En relevant progressivement son dos couché, elle se met à parler. Elle dit, d’une voix claire ainsi qu’au fond d’une grotte un clapotis de gouttes sur une pierre lisse, d’une voix grave, enrouée, où se mettent certains accidents rocailleux et secs : "Je n’étais jamais allée ici. Je n’ai jamais pu dépasser le phare. Une frontière, invisible, m’a toujours retenue. Mais ce matin, j’ai vu cet endroit. Et je savais que je pouvais m’y rendre. La barrière était partie. Et je vous ai vu, au sortir de l’eau, trois écrevisses en main, rompant le bois de harpons abandonnés, le corps luisant de gouttes, les lèvres en chanson d’une musique estivale, l’œil las et gourd, la pupille lointaine et seule, et je me suis dit qu’il fallait que je vous parle car vous me sembliez si similaire à moi."

Un pêcheur s’énerve. Des jurons fusent. Il gesticule et donne des coups de canne à un vieillard dont la longue barbe grise volète un peu dans l’air lourd. Je ne sais pas quoi dire. L’écho de ses paroles me hante encore. Elle s’est tû, mais je l’entends toujours. Ses phrases errent, et leurs échos chantent...! Elles ne partent pas... je les entends se répéter infiniment, se distordre, s’emmêler... Je ne sais pas quand le dernier écho de ses paroles partira. Peut-être est-il déjà loin. Mais j’entends toujours ses phrases hanter ma pensée. Elles se répètent infiniment, se distordent et s’emmêlent...
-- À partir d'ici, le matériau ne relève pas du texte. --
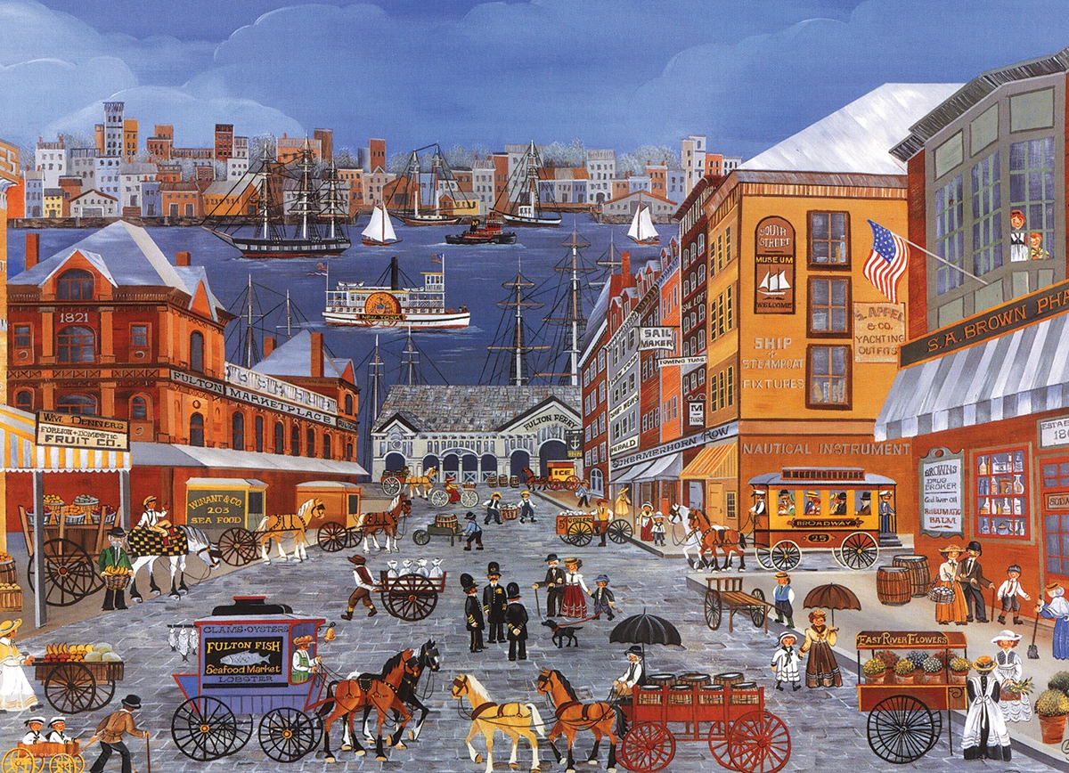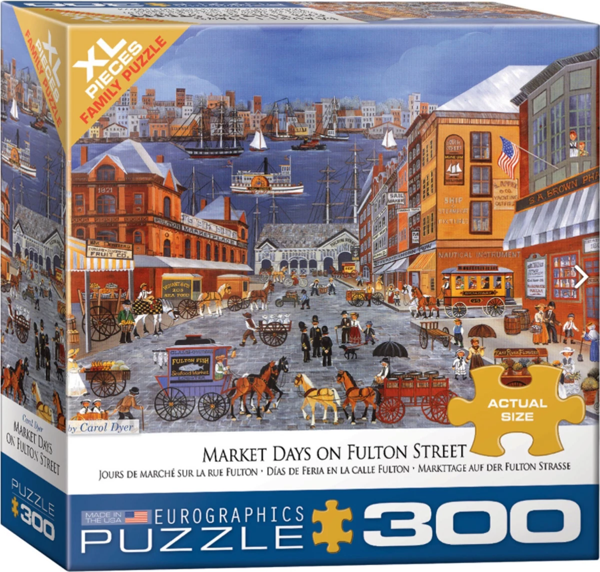 EuroGraphics Market Days on Fulton Street 300-Piece Puzzle (Small box). Box size: 8″ x 8″ x 2.37″. Finished Puzzle Size: 19.25″ x 26.5″. Taste the delights of a market day right on the beautiful shoreline of the bay. Shop, eat or get ready to set sail across the bay for an afternoon of fun and adventure!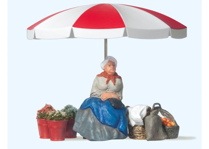 Marktfrau mit Schirm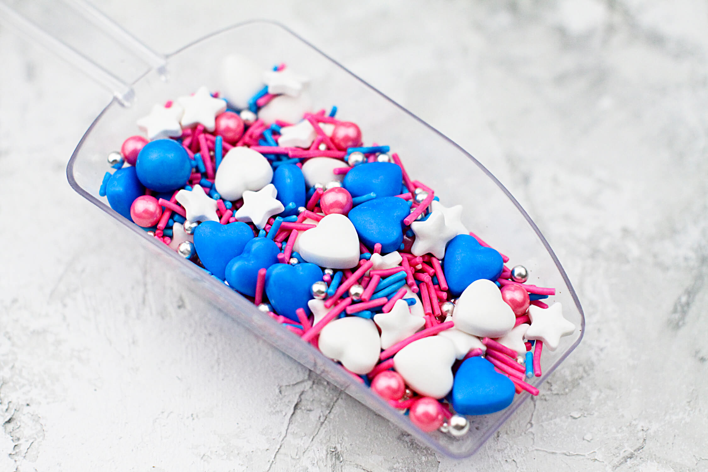 Стильный микс в бело-розово-синей гамме! Очень яркий и разнообразный по составу: синие и белые большие сердечки, белые звезды, серебряные бусины, розовые глянцевые шарики, а также вермишель.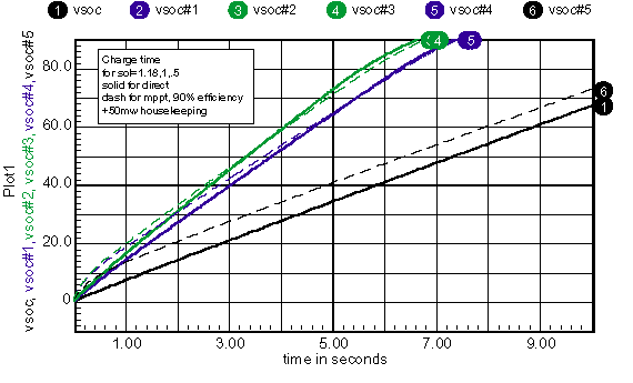 Plugging in the power values into the array simulation results in the data shown in Figure 8. Unfortunately, the power loss from housekeeping power and converter efficiency wipes out the MPPT gain. So, it’s unnecessary to proceed further with the design because the simpler direct charge method produces superior results.
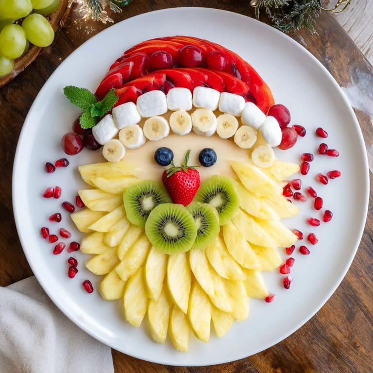 Pin It A festive and eye-catching fruit platter designed to resemble Santa Claus, featuring a juicy pineapple beard and a colorful array of fresh fruits—perfect for holiday gatherings.
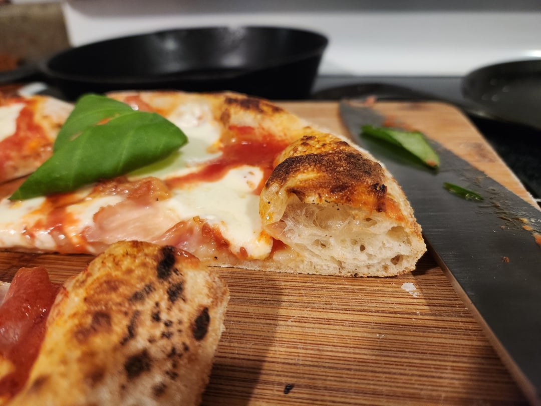 Dough is 65%, King Author 00, 24h cold ferment, 290grams each / 12″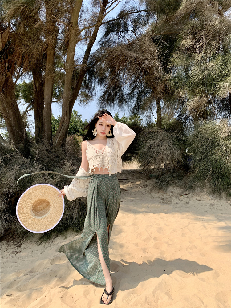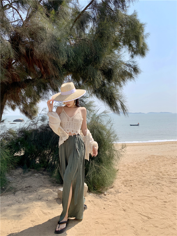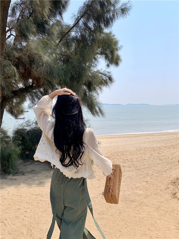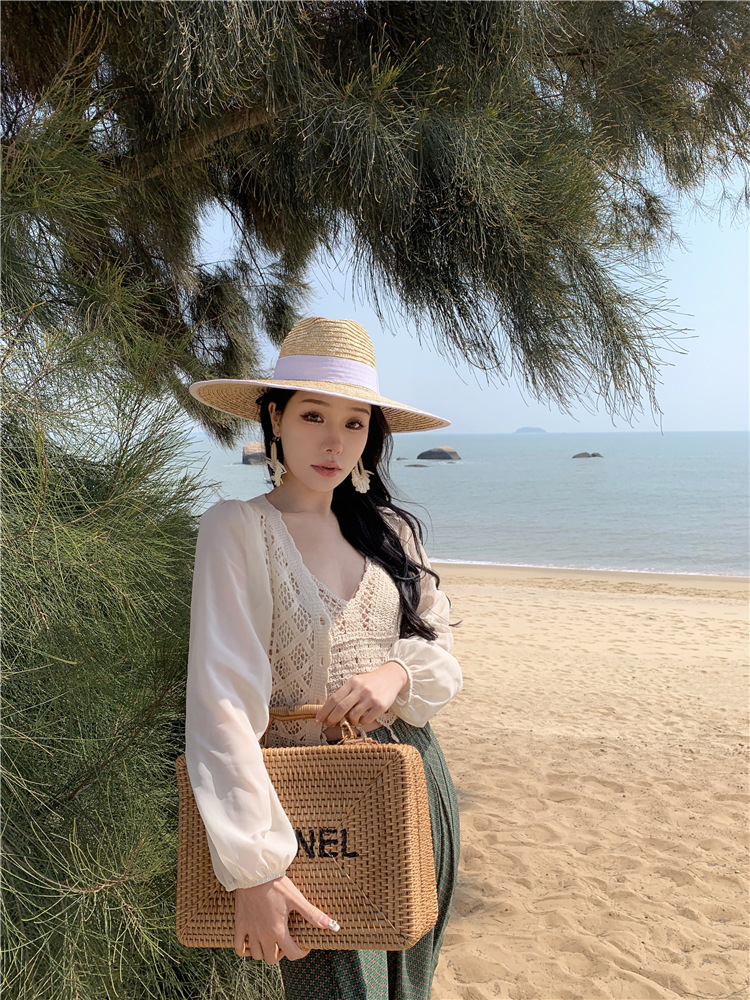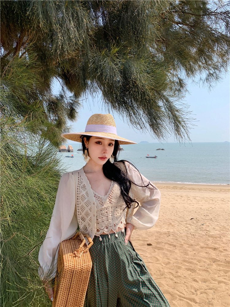 살구색 중공 크로 셰 뜨개질 외부 카디건 여자의 여름 해변 휴가 선 스크린 니트 스티치 쉬폰 슬리브 탑 재킷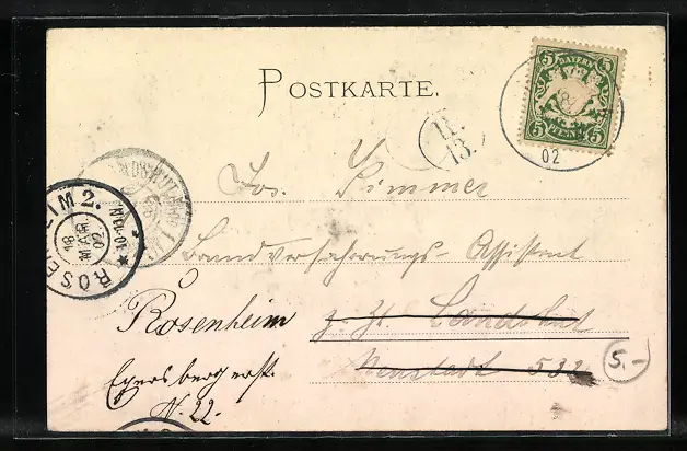 alte Ansichtskarte, gelaufen 1902, Einriss li. oben, guter Zustand

Elle me scrute. Elle lève les yeux en l’air, rigole. "Une voix m’a dit que tu m’aimais" dit-elle, en s’esclaffant. Alors, avec le besoin d’avaler sa chair, de réduire en poudre sa peau pour en sniffer tous les grains, de m’attribuer chacun de ses souvenirs pour les revivre éternellement, je lui souris. "Une autre voix m’a dit que tu seras libre dans deux ans" dit-elle, l’air soucieux. "Je ne sais pas ce que ça veut dire" continue t-elle en retirant du coin de mes lèvres un groupuscule de grains de sable.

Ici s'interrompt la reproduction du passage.